Question 3: If each child must receive at least one dollar, how do the answers change?
- This adds a constraint (minimum distribution per cell).
📚 Distinguishable objects: ten books
Question 4: Amanda has ten distinct books (the top 10 from the New York Times best-seller list) to give to her children. How many ways can she distribute them?
- Hidden assumption: the ten books are all different (distinguishable).
- This is a fundamentally different counting problem from the dollar bills.
Question 5: The books are labeled B₁, B₂, ..., B₁₀. How many sets {S₁, S₂, S₃} exist where S₁, S₂, S₃ are pairwise disjoint and their union is {B₁, B₂, ..., B₁₀}?
- This reformulates the problem in terms of set partitions.
- Each child receives a subset of books; the subsets do not overlap and together cover all books.
Question 6: If each child must receive at least one book, how do the answers change?
- Again, a minimum constraint per cell.
🔍 Distinguishability matters
Don't confuse:
- Indistinguishable objects (dollar bills): only the total amount per child matters.
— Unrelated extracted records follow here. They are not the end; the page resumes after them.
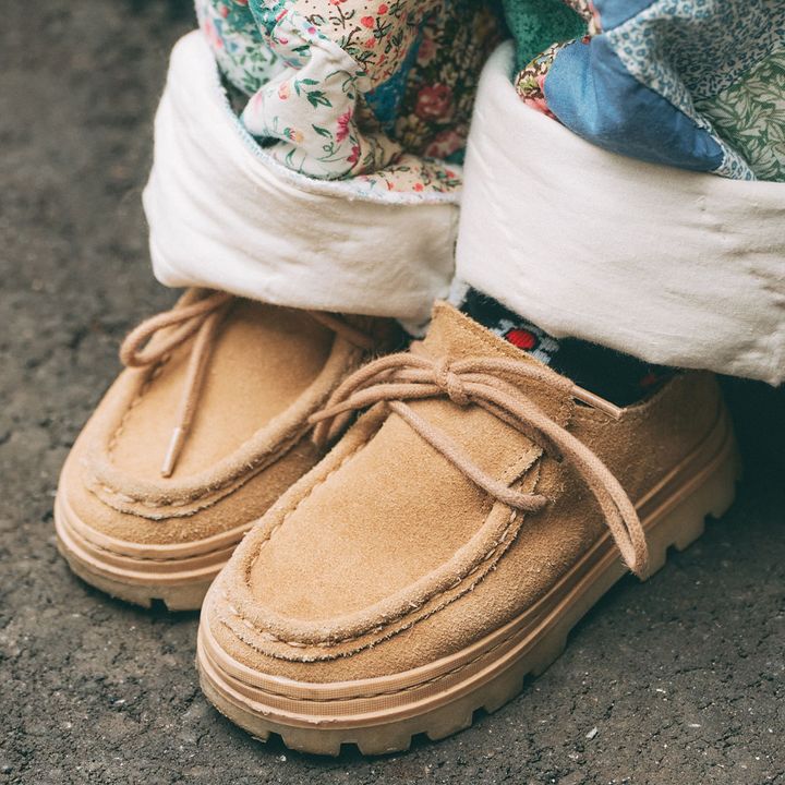 足元はベージュのスウェードシューズをオン! ボリュームのあるボトムスと合わせてこなれ感抜群なスタイリングに格上げ。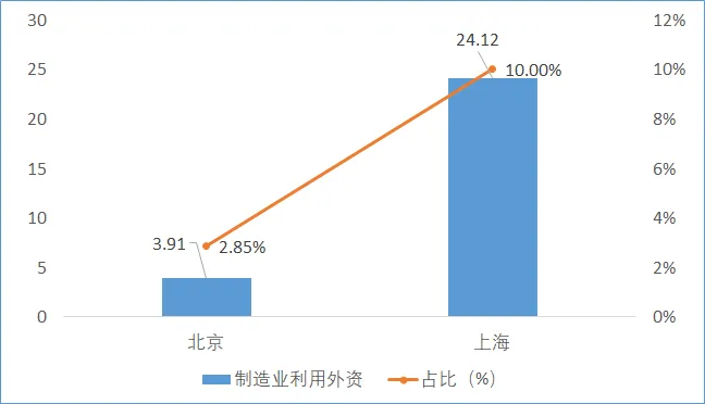 圖6 2023年北京市和上海市制造業利用外資(億美元)及占比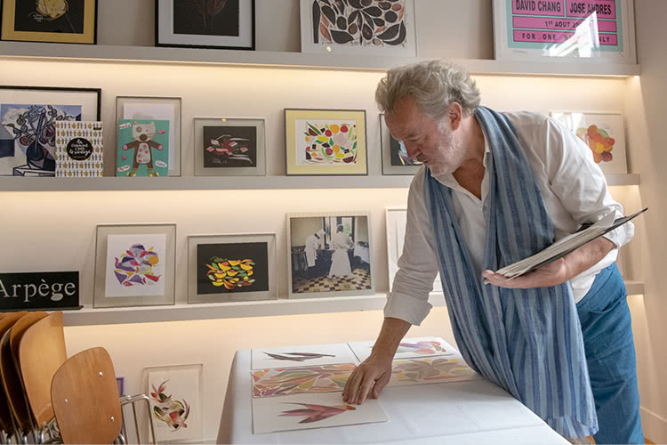 パサール氏の創造力は料理を超える。数年前から、自らの料理作品を、雑誌などのページを切り抜いてコラージュ作品に仕立てている。店のそばのオフィス内にギャラリーを作り、展示販売している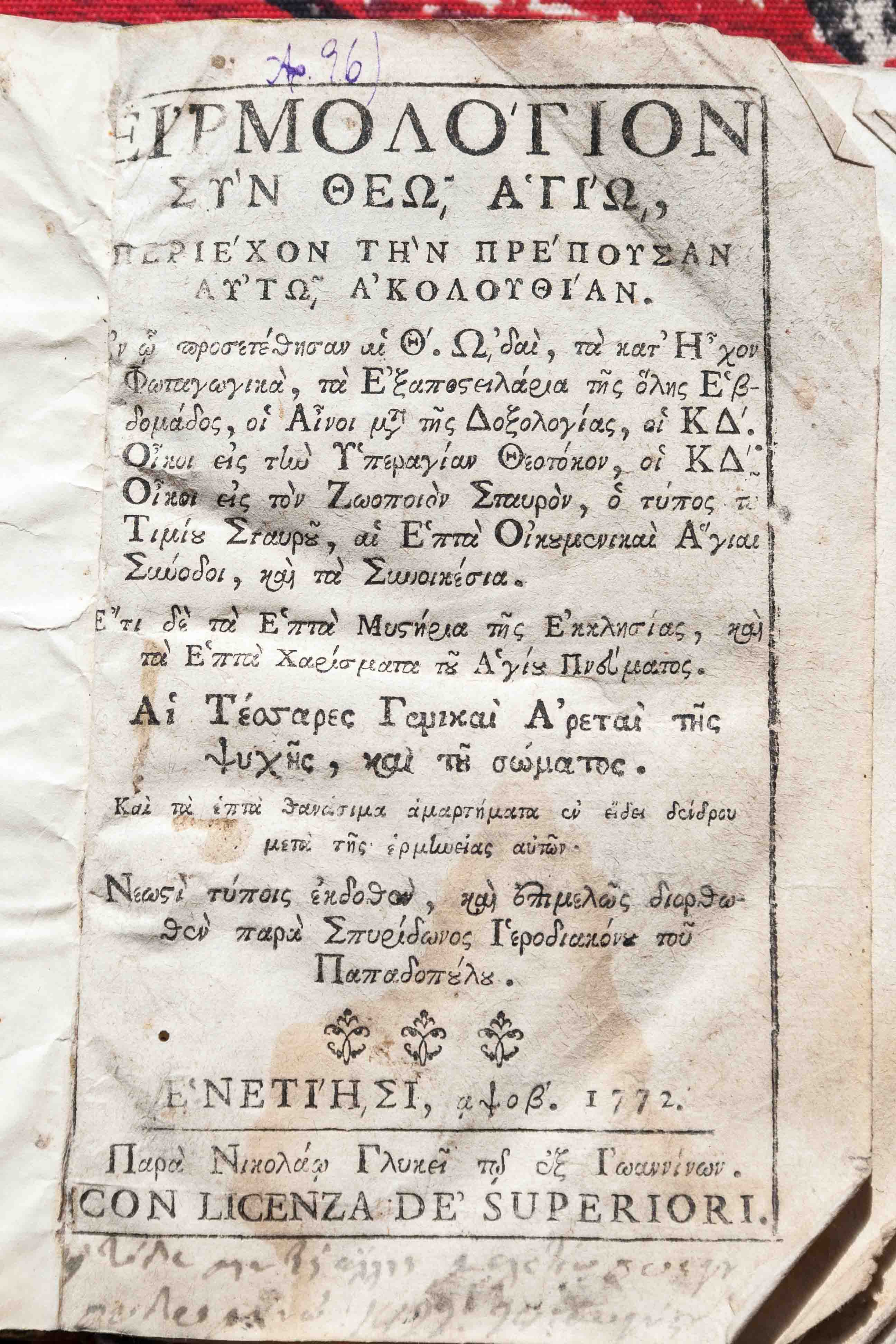 | Description: | Παλαίτυπα--Ιερά Μονή Τιμίου Προδρόμου, 1772 |

- Distinguishable objects (books): which specific items each child receives matters.
The excerpt highlights this as a "hidden assumption" that changes the nature of the counting problem.
📏 Scaling up
Question 7: How would we answer these questions if "ten" were really "ten thousand" and "three" were "three thousand"?
- Could you write the answer on a single page?
- This hints at the need for formulas, generating functions, or algorithms rather than brute-force enumeration.
🔗 Other combinatorial domains (mentioned)
🔗 Graph theory, number theory, optimization
The excerpt states that the preliminary chapter will choose examples from:
- Enumeration (covered above)
- Graph theory
- Number theory
- Optimization
However, the provided text does not yet detail the graph theory, number theory, or optimization examples. It mentions that a circular necklace problem with six beads of three colors will be discussed (Figure 1.1 shows four necklaces, the first three being the same), but the excerpt cuts off before elaborating.
🎨 Necklace problem (teaser)
- A circular necklace with six beads will be assembled using three different colors.
- The excerpt notes that the first three necklaces shown are "actually the same necklace" (each has three red beads), hinting at symmetry and equivalence under rotation/reflection.
- This is a preview of more advanced enumeration (likely Pólya counting, mentioned in the themes).
🎓 Course philosophy
🎓 Informal to formal progression
- The introduction is deliberately informal to make combinatorics accessible.
- Later stages will require more precision.
- The excerpt warns: "you'll only be able to answer a few [questions] now. Later, you'll be able to answer many more … but most likely you'll never be able to answer them all."
🎓 Motivation and engagement
- The tone is encouraging and slightly humorous (e.g., "if we're wrong, you'll become very famous" and "you'll get an A++ and maybe even a Ph.D.").
- The goal is to show that combinatorics is both "fascinating and captivating" and has real-world applications.